But these are just baby steps. For a glimpse into the future, take a look at China where the WeChat messaging app allows 600 million users to wire money to friends, geo-locate a business, order food, manage banking, make a doctor’s appointment and hold a video conference all within the confines of the app. Messaging services are sure to be a bigger player as the Internet becomes even more mobile. Think for yourself how much easier it is to text someone. You’ve essentially opened up a thread for a conversation that can be easily located and comes in order in which it is received. Compare that with the typical e-commerce route in which you’d have to establish an account; then add something to your shopping cart to check out and wait for notice of shipment.
That’s a lot of emails that could get lost in the shuffle. Facebook figures life will be easier for buyer and seller alike through conversation threads it calls “interactive bubbles.” And if Facebook is busy finding ways to make users stay put, you better believe it’s also busy finding new ways to collect data. Since the start of this year, Facebook has received 13 patents and has another 32 patent applications all related to marketing.
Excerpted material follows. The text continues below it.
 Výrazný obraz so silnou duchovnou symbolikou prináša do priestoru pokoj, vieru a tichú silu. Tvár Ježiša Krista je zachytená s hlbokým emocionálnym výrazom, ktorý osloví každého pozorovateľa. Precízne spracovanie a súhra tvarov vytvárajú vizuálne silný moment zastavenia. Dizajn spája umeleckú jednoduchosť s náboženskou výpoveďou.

To wrap up, Facebook has quietly reinvented itself to the point that it’s considerably different than just a “social media” site and, as a business, Facebook is almost a holding company for technology that many businesses will surely profit from using. But, if you still think of Facebook as just a place for bored teenagers to post about last Thursday’s Algebra II class, I’ll leave you with one more statistic.
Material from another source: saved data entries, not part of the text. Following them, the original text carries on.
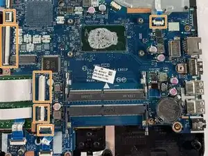 Поднимите фиксирующие планки ZIF, удерживающие шесть ленточных кабелей на месте.
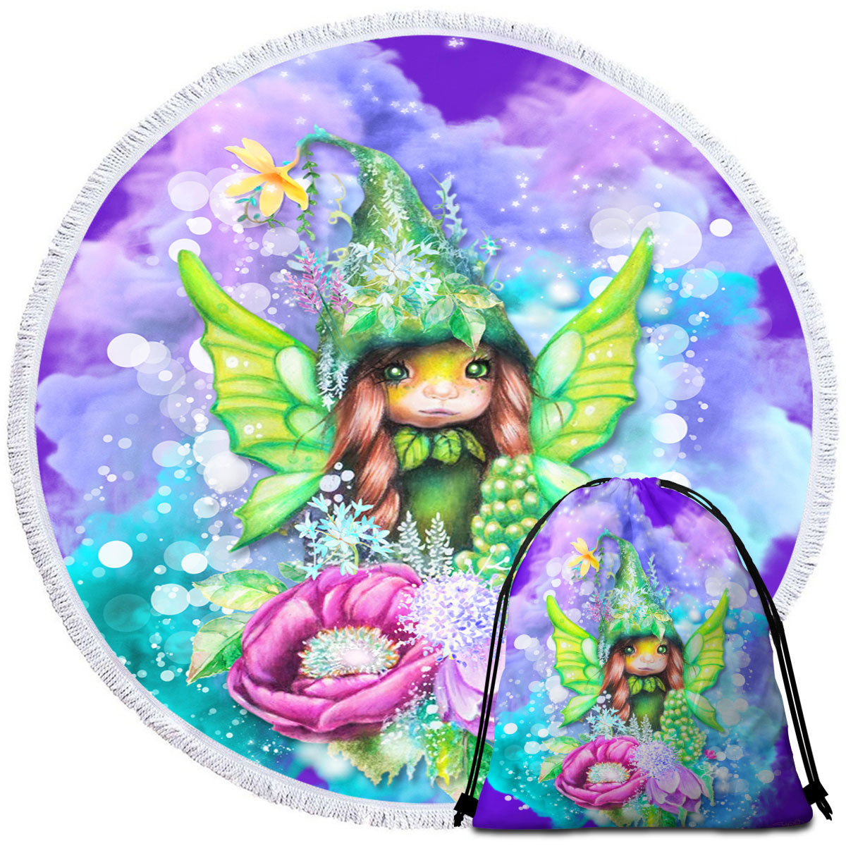 Cute Kids Art Flowery Little Pixie Round Beach Towel
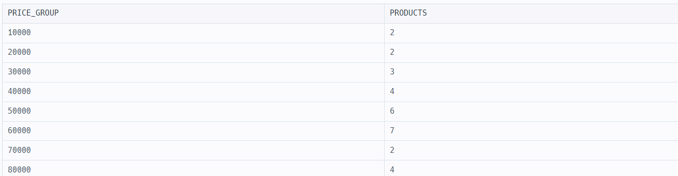SELECT LEFT(PRICE / 10000, 1) * 10000 AS PRICE_GROUP, COUNT(PRODUCT_ID) AS PRODUCTS
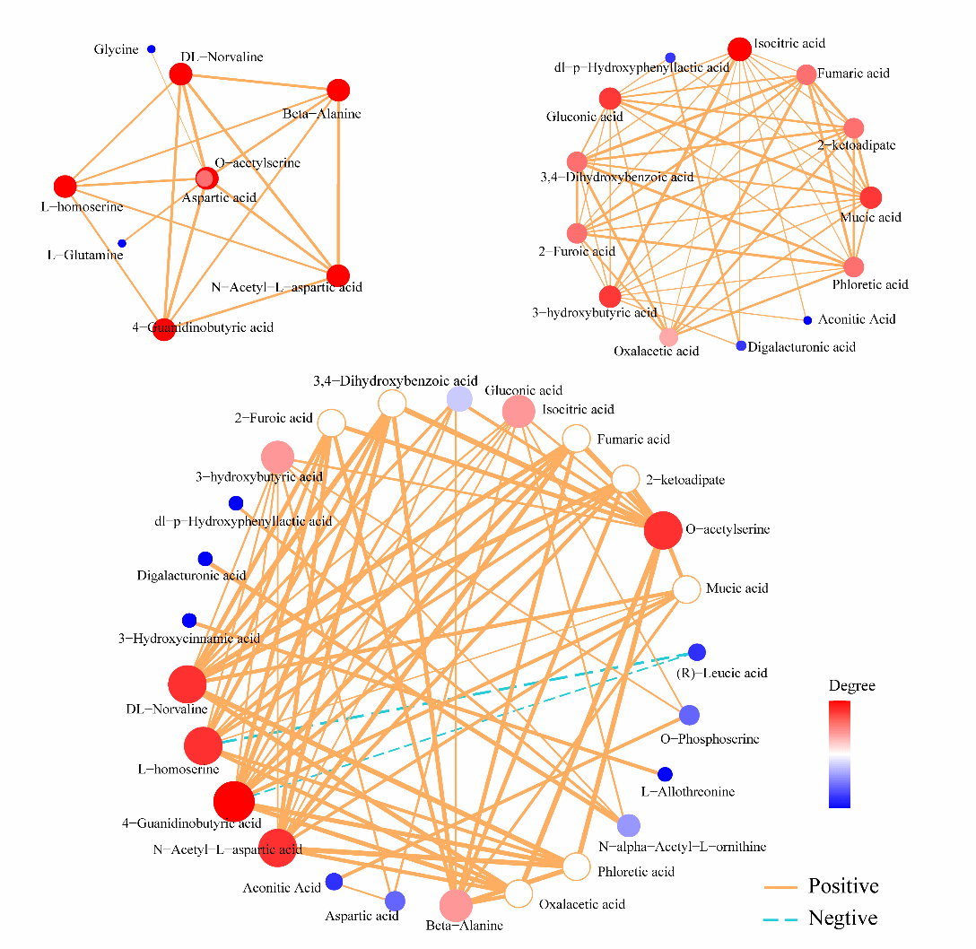 本研究揭示了重要的代谢生物标志物,包括 N-乙酰天冬氨酸、β-丙氨酸和 O-乙酰丝氨酸。这些标记物参与了水开菲尔发酵过程中的各种代谢途径,如丙氨酸、天门冬氨酸和谷氨酸代谢以及半胱氨酸和蛋氨酸代谢。本研究中的一个重要发现是绝大部分氨基酸和有机酸在相关网络中呈显著正相关,这表明这些基本成分之间存在协同增效关系,促进了相互作用。此外,这项研究还描述了水开菲尔发酵过程的详细代谢网络,为进一步探索水开菲尔发酵的复杂代谢机制奠定了坚实的基础。

During a conference call with stock analysts following its recent quarterly report, Facebook said that users spend 50 minutes each day on Facebook, Messenger and Instagram, its photo-sharing site, which is also becoming an interesting way for people to market their wares. As the New York Times reported, that’s more than any other leisure activity tracked by the Bureau of Labor Statistics with the exception of television and movies, which clocks in at just under three hours.